* [The task] Restate, word for word and with no pictures, the stretch of lines in the data below that begins at the line with "Epigraph Chron" and ends at the line with "The South Sound", inclusive.

* [Listed records]
*** Block opens ***
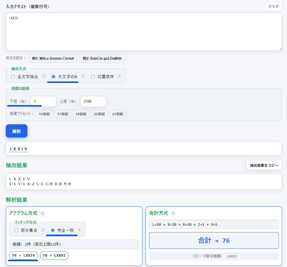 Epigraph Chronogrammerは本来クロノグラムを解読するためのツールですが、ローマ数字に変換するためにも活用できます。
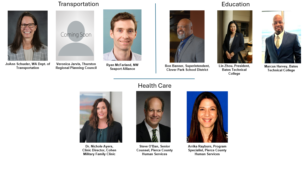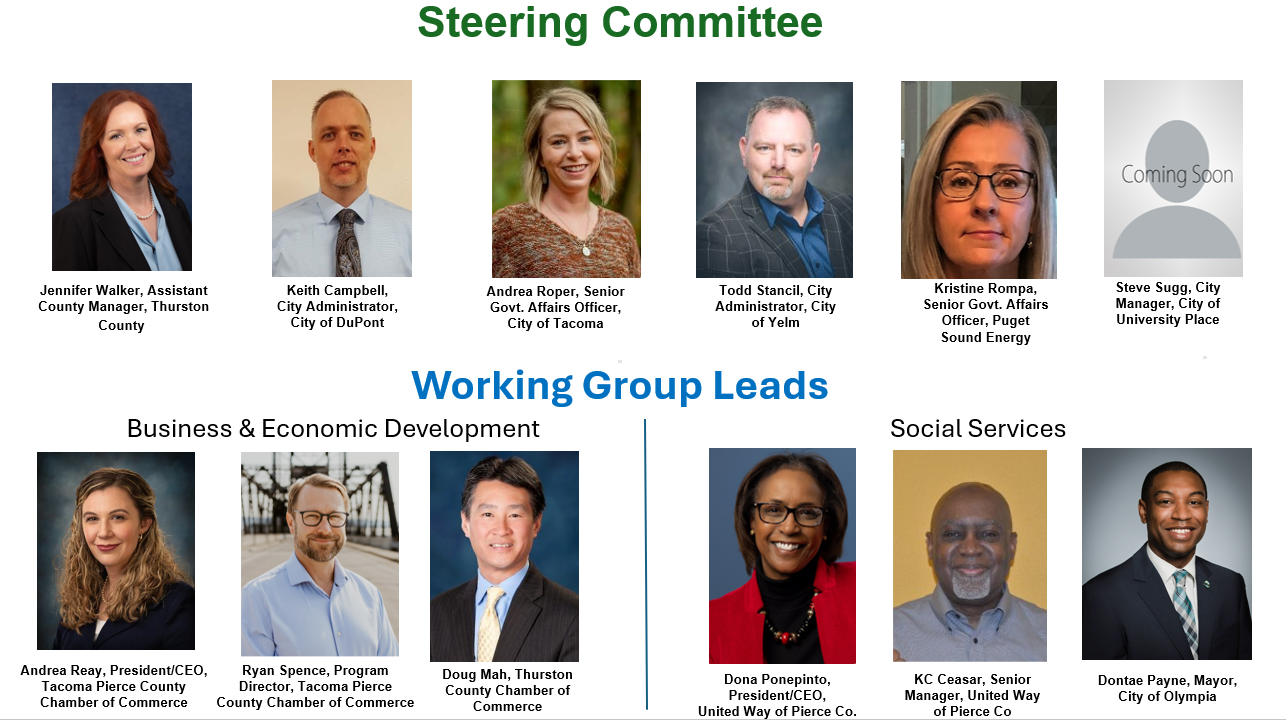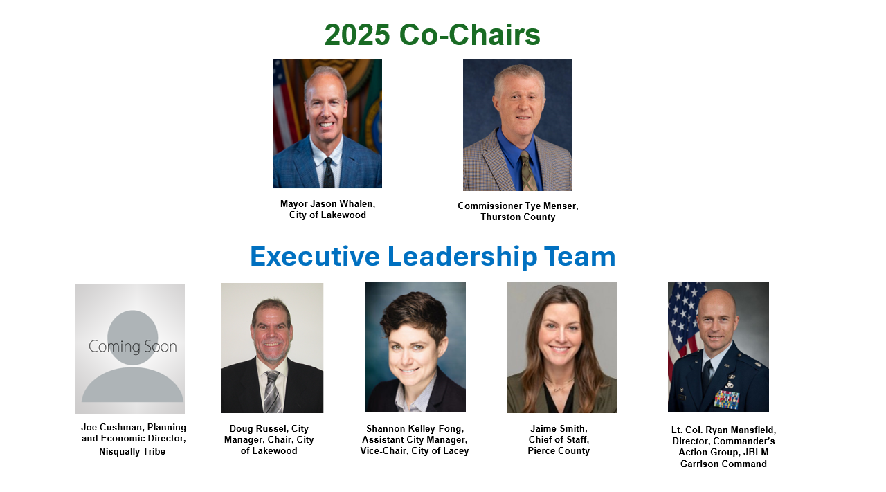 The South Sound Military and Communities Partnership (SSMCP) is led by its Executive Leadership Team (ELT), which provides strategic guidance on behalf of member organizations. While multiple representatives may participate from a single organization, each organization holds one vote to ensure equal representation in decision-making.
*** Block closes ***
*** Block opens ***
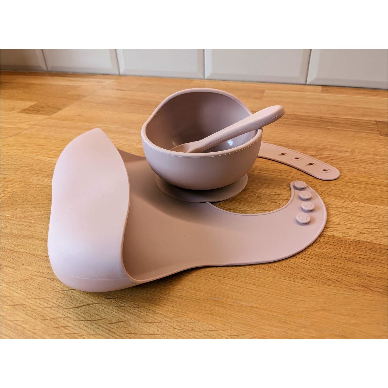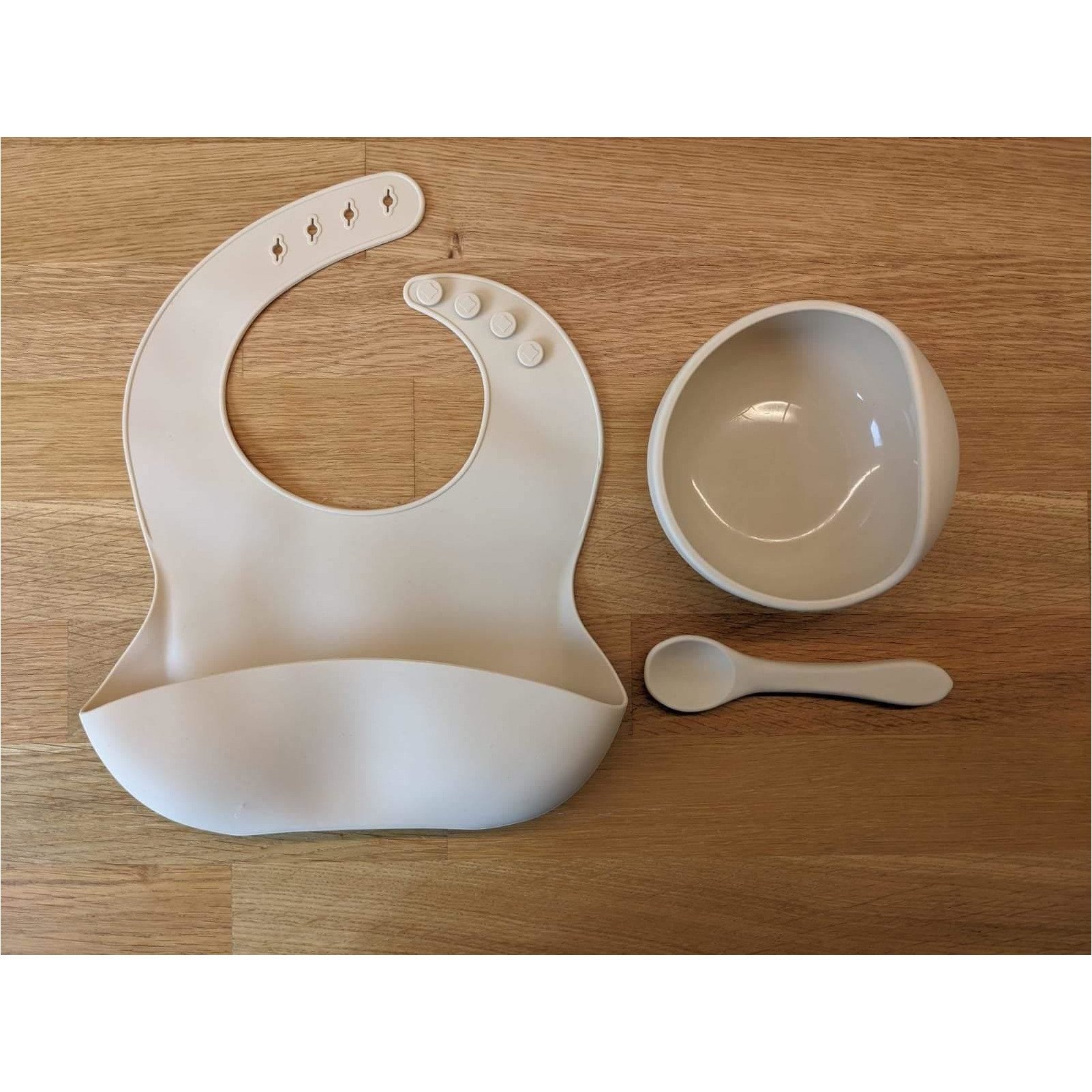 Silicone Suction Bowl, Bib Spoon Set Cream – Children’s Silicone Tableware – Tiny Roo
*** Block closes ***
* [Exercise response]
 Epigraph Chronogrammerは本来クロノグラムを解読するためのツールですが、ローマ数字に変換するためにも活用できます。
 The South Sound Military and Communities Partnership (SSMCP) is led by its Executive Leadership Team (ELT), which provides strategic guidance on behalf of member organizations. While multiple representatives may participate from a single organization, each organization holds one vote to ensure equal representation in decision-making.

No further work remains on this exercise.